### Your assignment
Every line of the data below is to be given again as it appears, with the images removed.

### Data extract
★ ★ ★ ★ ★ ★ ★
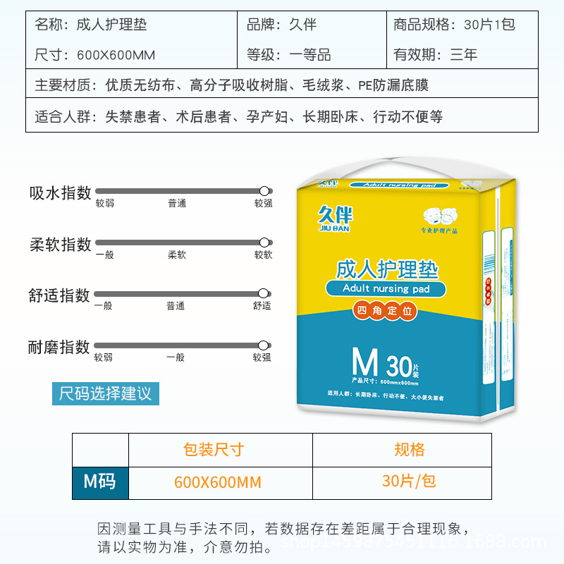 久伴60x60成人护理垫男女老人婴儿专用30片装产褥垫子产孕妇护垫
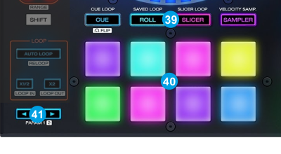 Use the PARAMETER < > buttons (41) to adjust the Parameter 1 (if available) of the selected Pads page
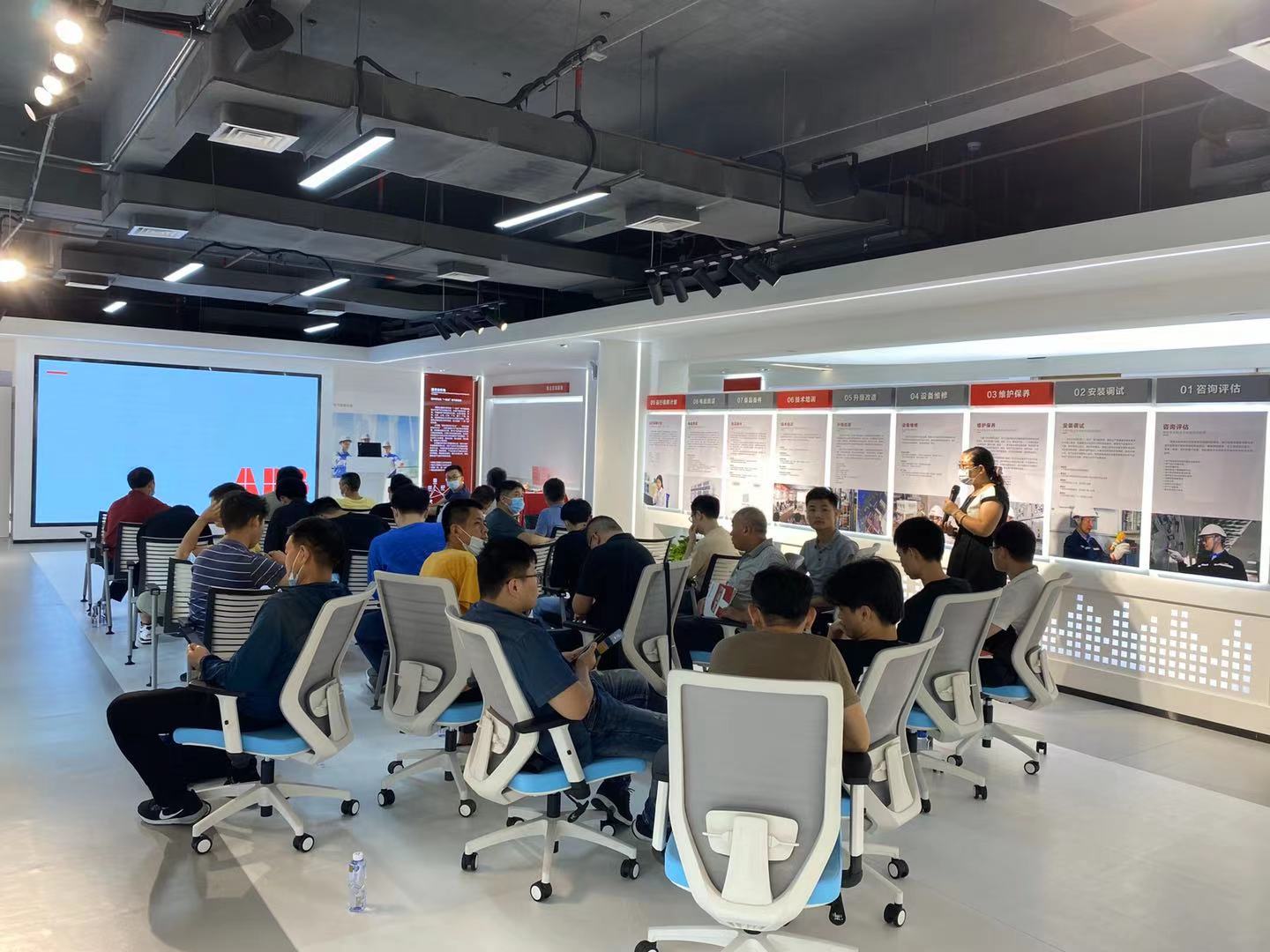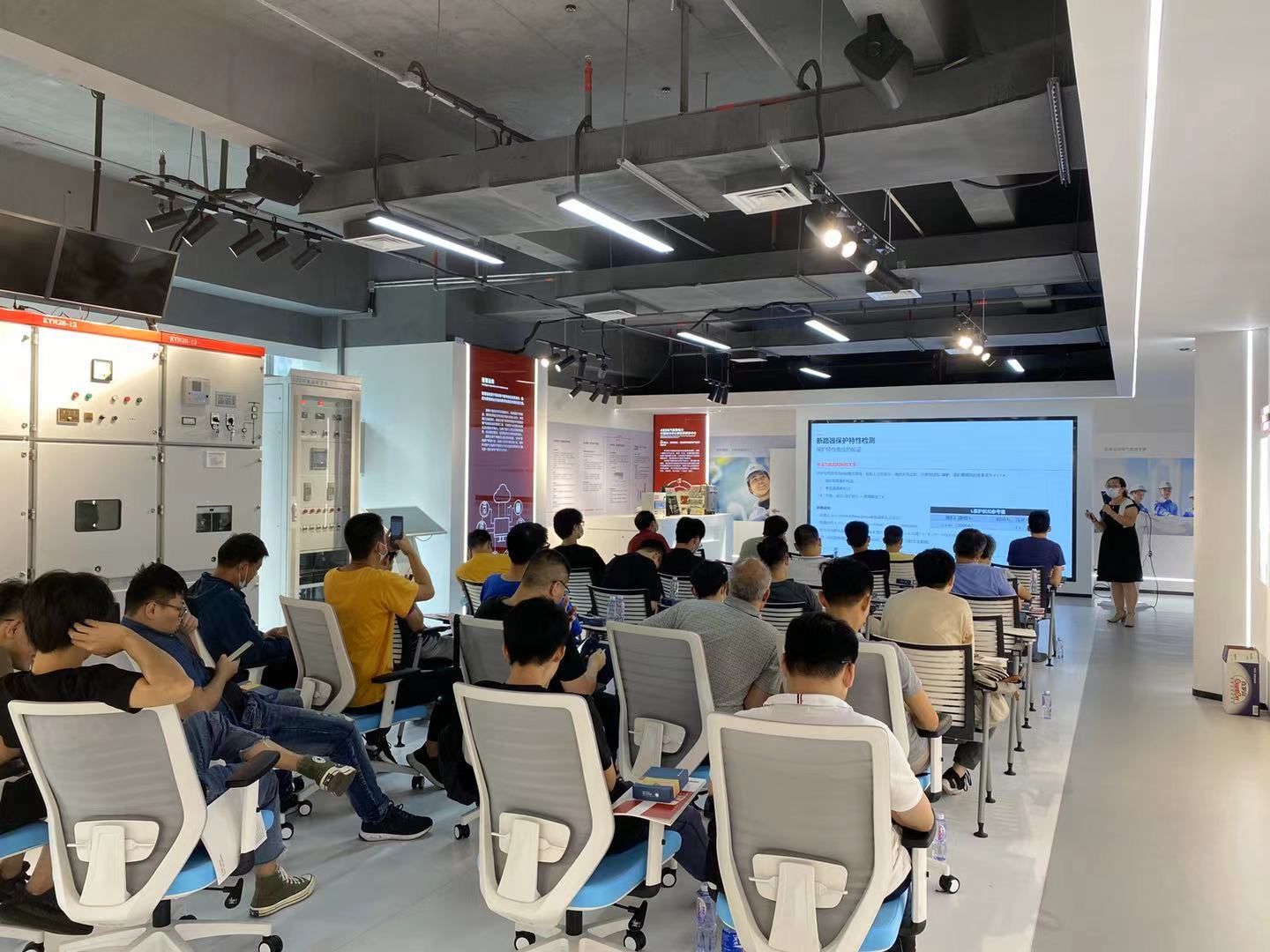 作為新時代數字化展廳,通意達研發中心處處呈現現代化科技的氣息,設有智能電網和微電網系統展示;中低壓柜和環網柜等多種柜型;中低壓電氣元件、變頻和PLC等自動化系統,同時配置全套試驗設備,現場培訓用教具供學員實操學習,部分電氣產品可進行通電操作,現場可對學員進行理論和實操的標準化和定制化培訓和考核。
★ ★ ★ ★ ★ ★ ★
### Exercise result
 久伴60x60成人护理垫男女老人婴儿专用30片装产褥垫子产孕妇护垫
 Use the PARAMETER < > buttons (41) to adjust the Parameter 1 (if available) of the selected Pads page
 作為新時代數字化展廳,通意達研發中心處處呈現現代化科技的氣息,設有智能電網和微電網系統展示;中低壓柜和環網柜等多種柜型;中低壓電氣元件、變頻和PLC等自動化系統,同時配置全套試驗設備,現場培訓用教具供學員實操學習,部分電氣產品可進行通電操作,現場可對學員進行理論和實操的標準化和定制化培訓和考核。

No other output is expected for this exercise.